::: Information
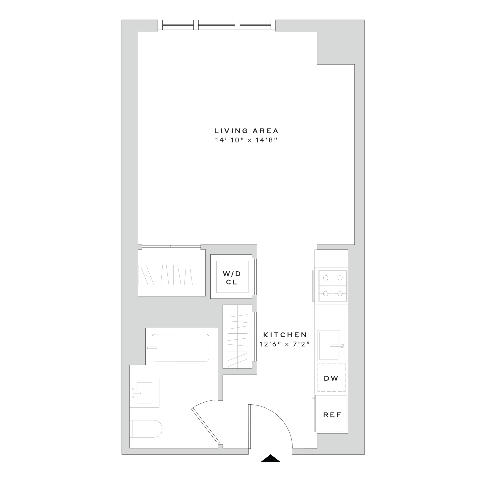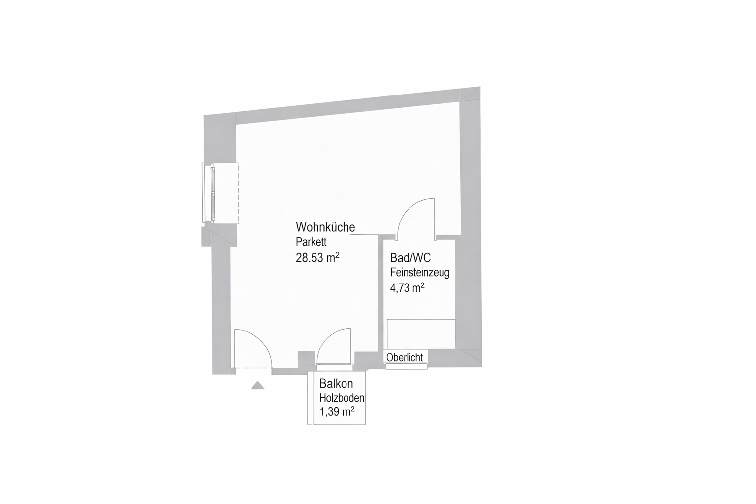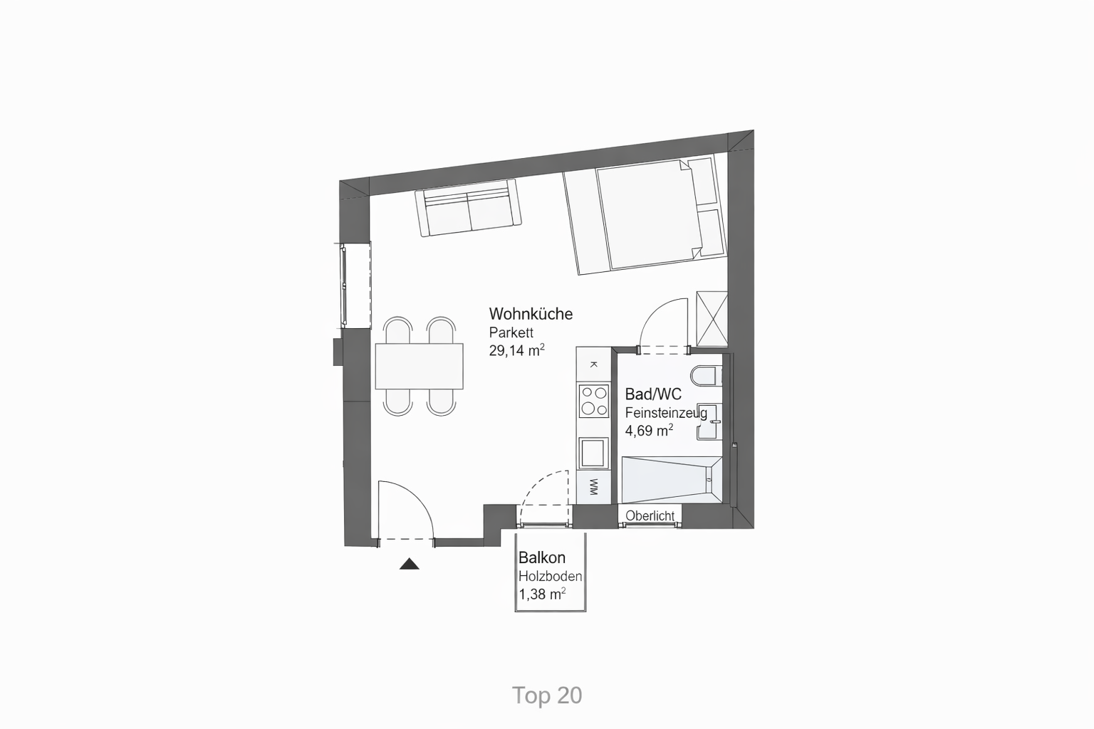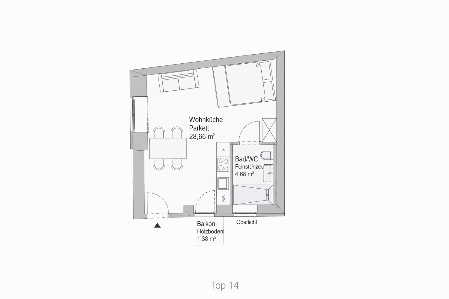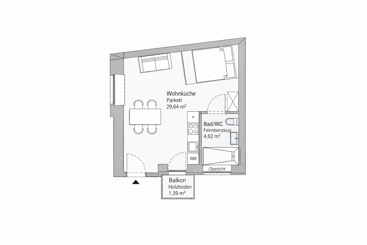 Der 1-Zimmer-Grundriss zeigt eine kompakte Wohnung mit offenem Wohn- und Schlafbereich, integrierter Küchenzeile sowie einem separaten Bad/WC und kleinem Vorraum. Ergänzt wird die Einheit durch einen Balkon bzw. eine Terrasse, die direkt vom Wohnbereich zugänglich ist und zusätzlichen Außenraum bietet.
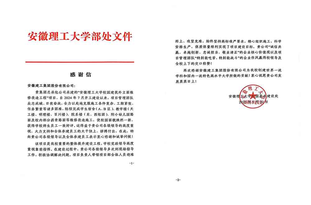 近日,安徽理工大學給安徽建工集團發(fā)來感謝信。信中對建工總承包公司精心組織施工、科學安排生產(chǎn)、高標準高質(zhì)量完成安徽理工大學校園建筑外立面維修改造工程項目給予好評,對安徽建工集團助力其創(chuàng)建世界一流學科和國內(nèi)一流特色高水平大學表示感謝。
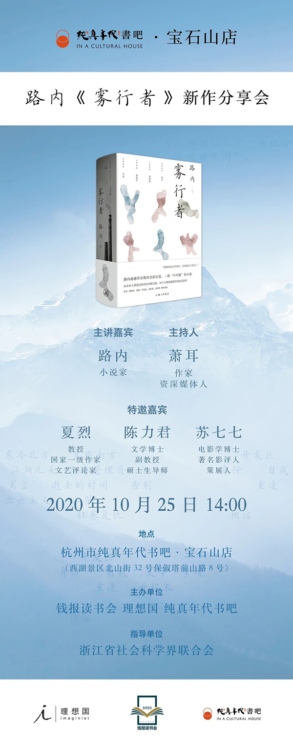 小说家路内长篇新作《雾行者》回顾了世纪交替的十年,是世纪交替的缩影,主要讲述了1998年夏季到奥运前夕的2008年之间的打工青年和文学青年的故事,在地理上横跨了中国多座城市。10月25日,作家路内携年度新作《雾行者》做客纯真年代书吧,与读者面对面交流。
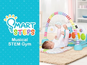 - Smart Steps® Musical Stem Gym ofrece interacciones basadas en STEM para promover el desarrollo de la fuerza central para los bebés.
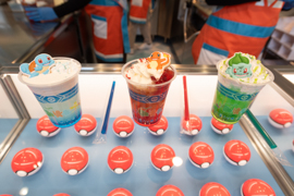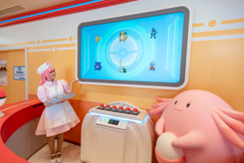 Flanking the fountain are a Pokémon Center and a Poké Mart. These familiar buildings look amazing, but they’re functional, too. Pop into the Pokémon Center, and you’ll be greeted by Chansey and the ever-present Pokémon Center receptionist. It’s a thrill to experience the moment when you hand over a set of Poké Balls for her to restore to full health in the Healing Machine. The Poké Mart has a variety of refreshing beverages for sale, including adorable (and delicious!) specialty drinks themed after the Kanto region’s first partner Pokémon. Also on the menu are cookies decorated with pixel art of Poké Balls, Potions, and Full Heals.
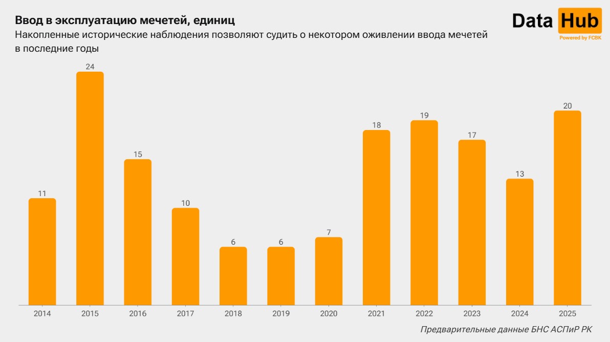В 2025 году в Казахстане открыли сразу 20 новых мечетей — это на 54% больше, чем годом раньше. Больше такого количества не строили с 2015 года, когда ввели 24 мечети. Об этом сообщает Bizmedia.kz со ссылкой на DATA HUB.
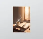 Una rilassante scena minimalista di una tazza di caffè fumante accanto a un libro aperto, immerso nella luce del sole mattutino. Celebra la bellezza delle mattine tranquille e della solitudine riflessiva.
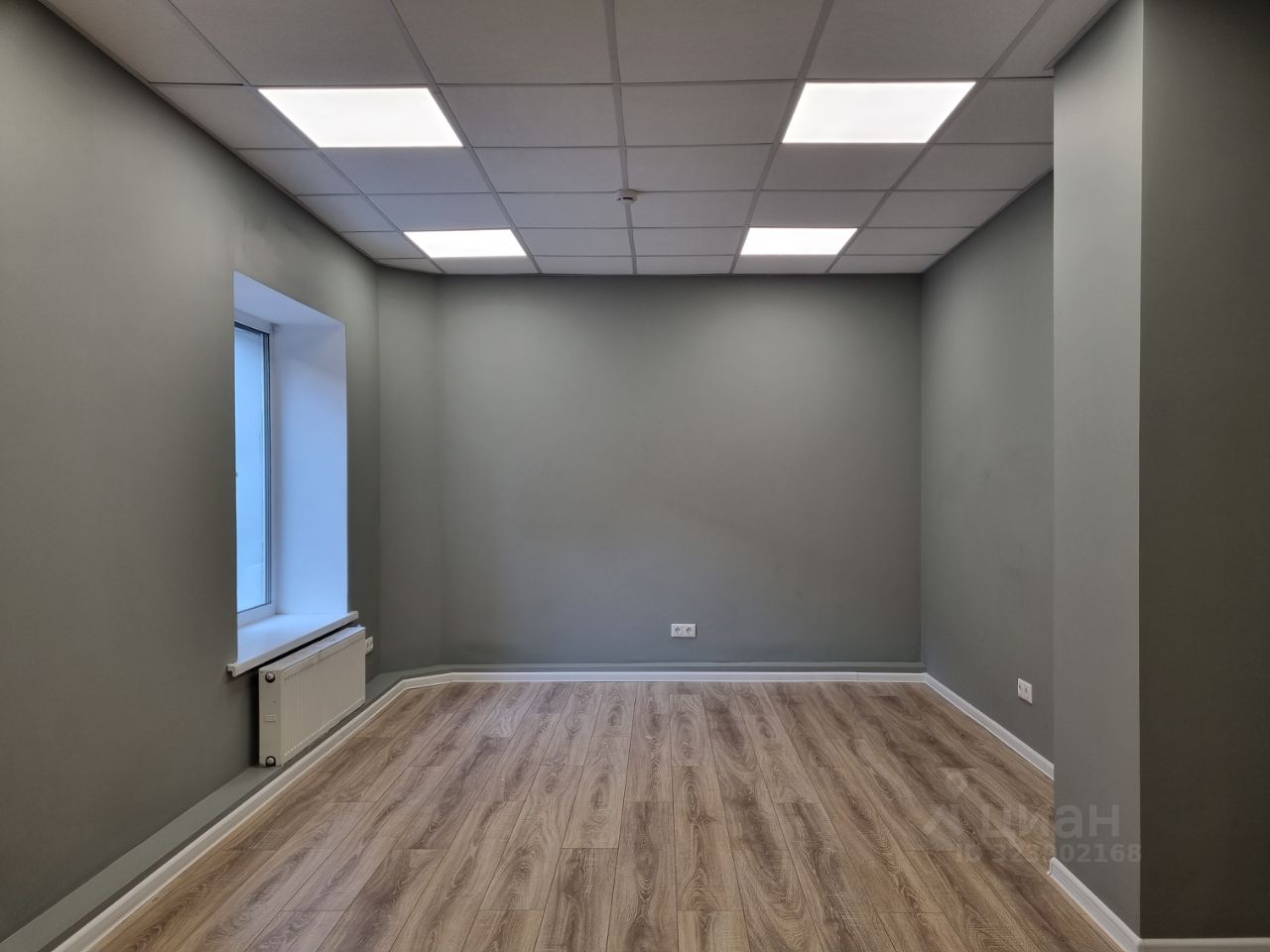 — Отделка: ламинат, потолки типа Армстронг
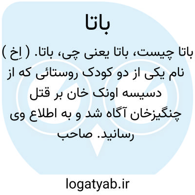 باتا. ( اِخ ) نام یکی از دو کودک روستائی که از دسیسه اونک خان بر قتل چنگیزخان آگاه شد و به اطلاع وی رسانید. صاحب حبیب السیر آرد: اونک خان خاطر بر آن قرار داد که سحرگاهی که چنگیزخان در خواب غفلت باشد بر سرش تازد و مهم او را بر طبق دلخواه حُسّاد بسازد، قضا را در آن روز یکی از امراء صورت آن اندیشه را در خلوتی پیش خاتون خود حکایت میکرد و دو کودک که از رمه شیر آورده بودند و باتا و قیشلیق نام داشتند از بیرون خرگاه آن سخن را شنیده علی الفور متوجه اردوی چنگیزخان گشتند و کماهی حالات را بعرض رسانیدند... در وقت ظلام لیل که هر یک از آن دو خیل بمنزل خویش فرودآمدند... چنگیزخان نام کسانی را که در آن جنگ در ملازمتش بودند بر دفتر نوشته هر یک را منصبی مناسب مقرر فرمود و آن کودک را که خبر قصد اونک خان به وی رسانیده بود ترخان گردانید... و جمیع ترخانیان که در زمان سلاطین چنگیزخانی و خواقین تیمور گورکانی در بلاد ماوراءالنهر و خراسان اقامت داشتند از نسل باتا وقشلیق اند، و نسبت باتا و قشلیق [ به ] تکلبیکوت بن اوزناوت میرسد. ( حبیب السیر چ خیام ج 3 ص 19 و 20 ).
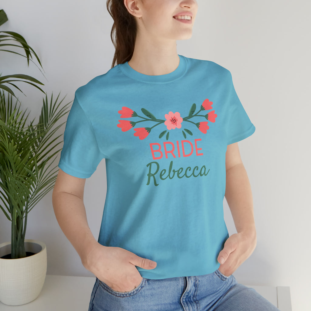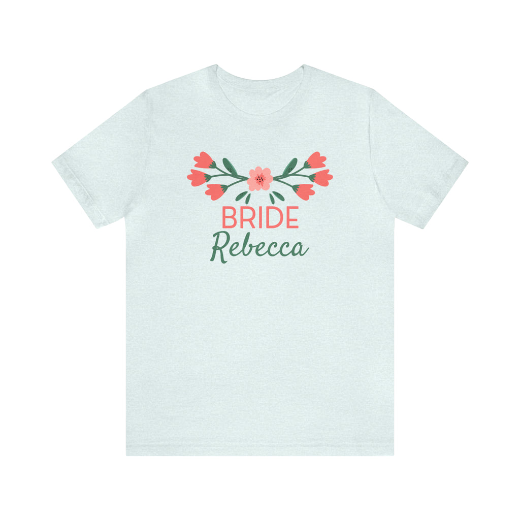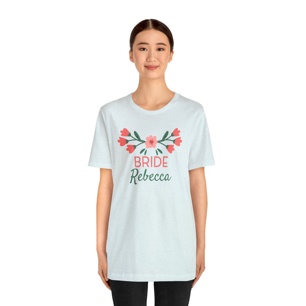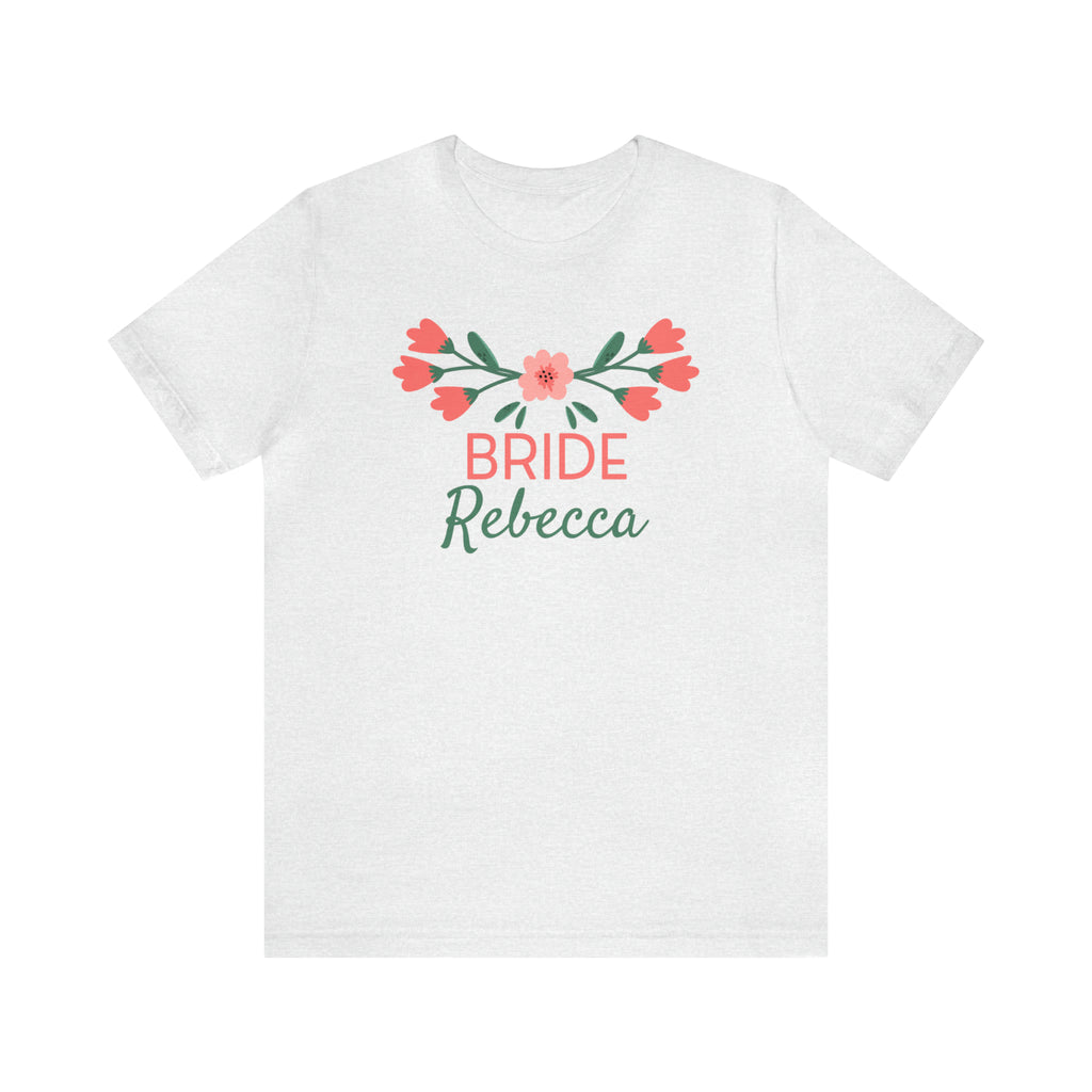 CUSTOM Bride Bridal Crew T-Shirt | Pink and Peach Flower Tee | Bella Canvas 3001 Unisex | Wedding Party Short Sleeve Tshirt
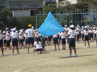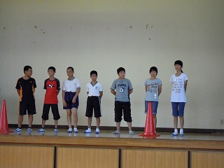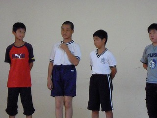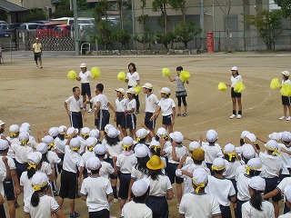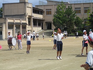 台風が去った今日、運動場で本番に向けて色事に練習をしました。
::::::
_What you are asked to do_. Starting with the line that holds "CUSTOM Bride Bridal", print each line through the last one of the data exactly as written, but do not include the pictures.

_Exercise response_.
 CUSTOM Bride Bridal Crew T-Shirt | Pink and Peach Flower Tee | Bella Canvas 3001 Unisex | Wedding Party Short Sleeve Tshirt
 台風が去った今日、運動場で本番に向けて色事に練習をしました。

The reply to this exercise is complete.